PABA stands for Para Aminobenzoic acid. Para-aminobenzoic acid (PABA) is a chemical found in the folic acid vitamin and also in several foods including grains, eggs, milk, and meat.
- PABA is taken by mouth for skin conditions including vitiligo, pemphigus, dermatomyositis, morphea, lymphoblastoma cutis, Peyronie’s disease, and scleroderma. PABA is also used to treat infertility in women, arthritis, “tired blood” (anemia), rheumatic fever, constipation, systemic lupus erythematosus (SLE), and headaches. It is also used to darken gray hair, prevent hair loss, make skin look younger, and prevent sunburn.
- PABA is best known as a sunscreen that is applied to the skin (used topically).
- PABA doesn’t seem to be taken by mouth as often as it used to be, possibly because some people question its safety and effectiveness.
Vitiligo describes a skin disorder where you lose your skin pigmentation, resulting in white patches seen on the skin. The local destruction of the pigment-producing cells of the skin results in the appearance of the white skin patches. According to Palo Alto Medical Foundation, approximately 1 to 4 percent of the global population has this skin problem. It suggests that a regular intake of 100 mg PABA supplement thrice to four times per day combined with the PABA injections may help in the improvement and repigmentation of the skin areas affected by vitiligo.
Infertility serves to describe a condition where you fail to get pregnant despite having unprotected sexual activity for a period of one year. Various medical and gynecologic problems result in the development of female infertility. The most common causes of female infertility include decreased thyroid function, scarring of the fallopian tubes, the tubes that transport the ovum from the ovaries into the uterus and endometriosis, the abnormal growth of uterine tissues in other areas of the body. According to Palo Alto Medical Foundation, some studies suggest that infertile women may become pregnant with the regular intake of PABA supplement 100 mg four times per day. However, more clinical trials are still needed in order to establish this.
Dermatitis herpetiformis results from the onset of severe food allergy leading to the formation of itchy, uncomfortable appearance of rashes. As mentioned by Palo Alto Medical Foundation, most patients affected by dermatitis herpetiformis are those usually between ages twenty to forty, although it can also occur in any age. According to Palo Alto Medical Foundation, some studies suggest that if you suffer from this conditiona nd use PABA supplements in high amounts, you can reduce the occurrence of the skin lesions. However, the intake of PABA for the treatment of dermatitis herpetiformis must only be done with the supervision of a qualified and experienced health care professional since the high dosage of PABA may result in many dangerous side effects.

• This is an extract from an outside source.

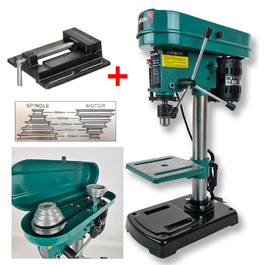 MEAKIDA Stupna bušilica je odličan alat za zahtjevnije majstore koja snagom od 1550W , od minimalnih 580 - 2650 okretaja u minuti garantira precizno bušenje rupa. Bušilica je opremljena graničnikom dubine, a postolje je robusno i stabilno što dodatno povećava razinu preciznosti. Visina postolja i nagib se može regulirati u bilo kojem trenutku bez upotrebe dodatnog alata. Moguće je koristiti svrdla promjera do 13 mm te se mogu bušiti različiti materijali kao što su drvo, metal, plastika, Uz bušilicu se isporučuje i škripac za prihvat materijala kojeg bušite.

PABA may serve as a broad-spectrum sunscreen that can protect your skin from the harmful ultraviolet rays of the sun, according to the American Melanoma Foundation. However, some patients are allergic to this type of sunscreen protection. Furthermore, the use of PABA may also result in the staining of your clothes and this discourages most patients from using this.
- Children: When applied directly to the skin, PABA is LIKELY SAFE for children. PABA is POSSIBLY SAFE for children to take by mouth appropriately. Dose is important, as serious side effects can occur. PABA is POSSIBLY UNSAFE when taken by mouth in high doses. Some children who took doses of PABA greater than 220 mg/kg/day died.
- Pregnancy and breast-feeding: PABA is LIKELY SAFE when applied to the skin during pregnancy or breast-feeding. However, there is not enough reliable information about the safety of taking PABA by mouth if you are pregnant or breast-feeding. Stay on the safe side and avoid use.
- Bleeding disorders: Using PABA intravenously (by IV) might increase the risk of bleeding in people with bleeding disorders.
- Kidney disease: PABA might build up in the kidneys making kidney disease worse. Do not use it if you have kidney problems.
- Surgery: Using PABA intravenously (by IV) might increase the risk of bleeding during surgery. Stop taking PABA 2 weeks before surgery.
- Antibiotics (Sulfonamide antibiotics) interacts with PARA-AMINOBENZOIC ACID (PABA)
Para-aminobenzoic acid (PABA) can decrease the effectiveness of certain antibiotics called sulfonamides.Some of these antibiotics include sulfamethoxazole (Gantanol), sulfasalazine (Azulfidine), sulfisoxazole (Gantrisin), and trimethoprim/sulfamethoxazole (Bactrim, Septra).
- Dapsone (Avlosulfon) interacts with PARA-AMINOBENZOIC ACID (PABA)
Dapsone (Avlosulfon) is used as an antibiotic. Para-aminobenzoic acid (PABA) might decrease the effectiveness of dapsone (Avlosulfon) for treating infections.
- Cortisone (Cortisone Acetate) interacts with PARA-AMINOBENZOIC ACID (PABA)
The body breaks down cortisone to get rid of it. Para-aminobenzoic acid (PABA) might decrease how quickly the body breaks down cortisone. Taking PABA by mouth and getting a cortisone shot might increase the effects and side effects of cortisone.